- Try it -
Apart from the pictures, reproduce the data below exactly as it stands.

- Data excerpt -
-- -- --

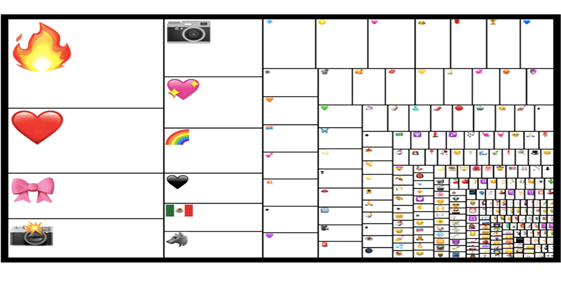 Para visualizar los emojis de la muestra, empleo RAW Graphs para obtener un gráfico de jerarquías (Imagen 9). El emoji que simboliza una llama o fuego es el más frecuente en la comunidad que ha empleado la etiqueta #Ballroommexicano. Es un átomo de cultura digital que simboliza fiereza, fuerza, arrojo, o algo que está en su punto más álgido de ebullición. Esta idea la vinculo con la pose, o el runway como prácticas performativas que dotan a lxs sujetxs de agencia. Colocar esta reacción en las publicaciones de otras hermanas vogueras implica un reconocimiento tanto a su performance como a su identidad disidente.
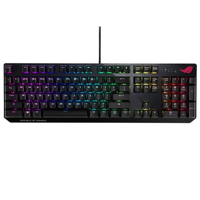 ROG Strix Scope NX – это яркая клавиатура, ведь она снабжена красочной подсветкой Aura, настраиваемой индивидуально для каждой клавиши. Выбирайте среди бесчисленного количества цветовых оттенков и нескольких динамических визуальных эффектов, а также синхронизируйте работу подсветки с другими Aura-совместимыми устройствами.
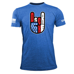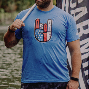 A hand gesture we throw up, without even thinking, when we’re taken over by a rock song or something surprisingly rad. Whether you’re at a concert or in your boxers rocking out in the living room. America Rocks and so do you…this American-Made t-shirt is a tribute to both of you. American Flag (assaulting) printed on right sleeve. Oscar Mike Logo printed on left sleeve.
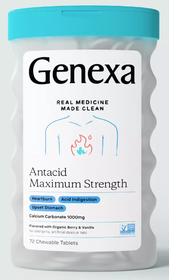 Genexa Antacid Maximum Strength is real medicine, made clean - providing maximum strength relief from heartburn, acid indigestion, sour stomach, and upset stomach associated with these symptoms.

-- -- --

- Answer for this exercise -
 Para visualizar los emojis de la muestra, empleo RAW Graphs para obtener un gráfico de jerarquías (Imagen 9). El emoji que simboliza una llama o fuego es el más frecuente en la comunidad que ha empleado la etiqueta #Ballroommexicano. Es un átomo de cultura digital que simboliza fiereza, fuerza, arrojo, o algo que está en su punto más álgido de ebullición. Esta idea la vinculo con la pose, o el runway como prácticas performativas que dotan a lxs sujetxs de agencia. Colocar esta reacción en las publicaciones de otras hermanas vogueras implica un reconocimiento tanto a su performance como a su identidad disidente.
 ROG Strix Scope NX – это яркая клавиатура, ведь она снабжена красочной подсветкой Aura, настраиваемой индивидуально для каждой клавиши. Выбирайте среди бесчисленного количества цветовых оттенков и нескольких динамических визуальных эффектов, а также синхронизируйте работу подсветки с другими Aura-совместимыми устройствами.
 A hand gesture we throw up, without even thinking, when we’re taken over by a rock song or something surprisingly rad. Whether you’re at a concert or in your boxers rocking out in the living room. America Rocks and so do you…this American-Made t-shirt is a tribute to both of you. American Flag (assaulting) printed on right sleeve. Oscar Mike Logo printed on left sleeve.
 Genexa Antacid Maximum Strength is real medicine, made clean - providing maximum strength relief from heartburn, acid indigestion, sour stomach, and upset stomach associated with these symptoms.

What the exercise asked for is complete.